Background: Lung cancer is the leading cause of cancer-related mortality worldwide. Genome-directed therapy is less toxic, prolongs survival and provides a better quality of life. Predictive biomarker testing, therefore, has become a standard of care in advanced lung cancers. The objective of this study was to relate clinical and pathological features, including response to targeted therapy (TT) and progression-free survival (PFS) with positive driver mutation. Materials and Methods: Archival data of nonsmall cell carcinoma patients with Stage IV disease were retrieved. Those who tested positive for one of the four biomarkers (epidermal growth factor receptor [EGFR], anaplastic lymphoma kinase [ALK], MET, and ROS) were included. Patient demographics and clinical features were reviewed. Tumor histomorphology was correlated with oncological drivers. Treatment response, PFS, and overall survival were studied in three subcohorts of patients who received computed tomography (CT), CT followed by TT and those who received TT in the first line. Results: A total of 900 patients underwent biomarker evaluation of which 288 tested positive. Frequency of the four biomarkers observed was 26.6% (229/860), 6.6% (51/775), 6.6% (5/75), and 5.1% (3/59) for EGFR, ALK, MET, and ROS-1, respectively. The median PFS for EGFR-mutated cohort was 12 months, whereas it was 21 months for ALK protein overexpressing cases. Patients treated with first-line tyrosine kinase inhibitors performed better compared to those who were switched from chemotherapy to TT or those who received chemotherapy alone (P < 0.05). Conclusion: Biomarker testing has improved patient outcome. Genome-directed therapy accords best PFS with an advantage of nearly 10 months over cytotoxic therapy.
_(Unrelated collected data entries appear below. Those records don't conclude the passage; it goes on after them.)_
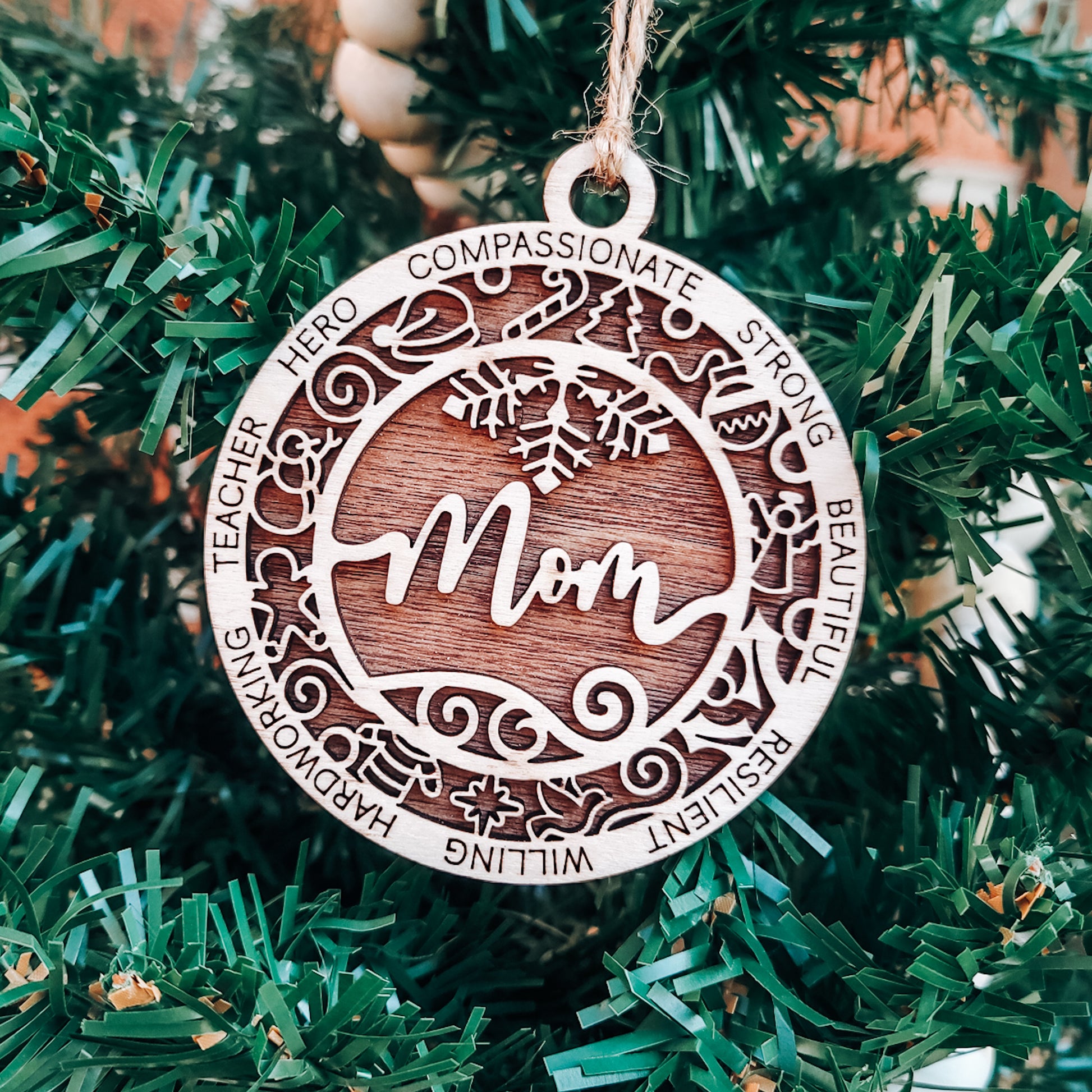 Ornaments are made from birch wood and may naturally darken over time. Ornaments measure 3.5 x 3.75" and come with twine for hanging.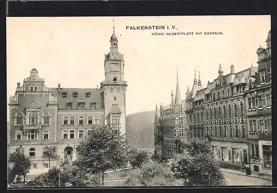 AK Falkenstein i. V., König-Albertplatz mit Rathaus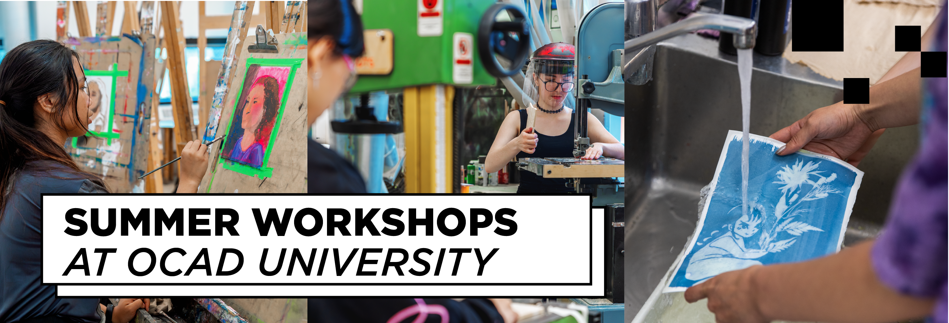 Return to Summer Workshops WebsiteOCAD University’s Summer Workshops are 5-day studio experiences for young creatives ages 15-19 who want to explore different techniques and create new work for their portfolios. In this exciting week, you will work closely with OCAD U faculty that teach in our undergraduate programs, who will facilitate your time on our campus and in our studios to further develop your art and design skills. Each day you will be in a specialized workshop that is tailored to help you expand both your skill and knowledge on contemporary art and design practice, by taking a hands-on, multi-disciplinary approach to the studio experience. These sessions are created to apply to any creative field, and will encourage you to explore and experiment with different tools, techniques, and practices. During the Summer Workshops you will gain new skills across different mediums, materials and techniques including:

Keywords: Anaplastic lymphoma kinase 1, epidermal growth factor receptor, MET, nonsmall cell carcinoma, ROS


How to cite this article:
Mehta A, Sriramanakoppa NN, Agarwal P, Viswakarma G, Vasudevan S, Panigrahi M, Kumar D, Saifi M, Chowdhary I, Doval D C, Suryavanshi M. Predictive biomarkers in nonsmall cell carcinoma and their clinico-pathological association. South Asian J Cancer 2019;8:250-4

How to cite this URL:
Mehta A, Sriramanakoppa NN, Agarwal P, Viswakarma G, Vasudevan S, Panigrahi M, Kumar D, Saifi M, Chowdhary I, Doval D C, Suryavanshi M. Predictive biomarkers in nonsmall cell carcinoma and their clinico-pathological association. South Asian J Cancer [serial online] 2019 [cited 2019 Nov 20];8:250-4. Available from: http://journal.sajc.org/text.asp?2019/8/4/250/269706


  Introduction Top


Lung cancer is the global front-runner both in incidence and cancer-related deaths with a scorecard of 1.59 million deaths annually and 19.4% of the total cancer burden.[1] In India, lung cancer constitutes 6.9% of new cancer cases and 9.3% of all cancer related deaths in both sexes.[2] There is a rise in lung cancer incidence in developing countries like India and the overall 5 years survival of patients is still <15%.[3] Nonsmall cell cancer (NSCC) is the common subtype accounting for about 80% to 85% of all lung cancers with >70% being diagnosed with metastasis.[4] The 1st year survival rate for a patient with stage IV NSCC is approximately 50% which drops by half to 25% or even less by the end of 2nd year.[5] Numerous advances in recent years in terms of molecular diagnosis and genome-directed therapeutic interventions have resurrected hope of managing advanced lung cancer more effectively. Epidermal growth factor receptor (EGFR) mutations, anaplastic lymphoma kinase 1 (ALK1), and ROS1 fusions are actionable lung cancer mutations targeted by US FDA approved tyrosine kinase inhibitors (TKI). MET amplification is also highly responsive to dual ALK and MET TKIs.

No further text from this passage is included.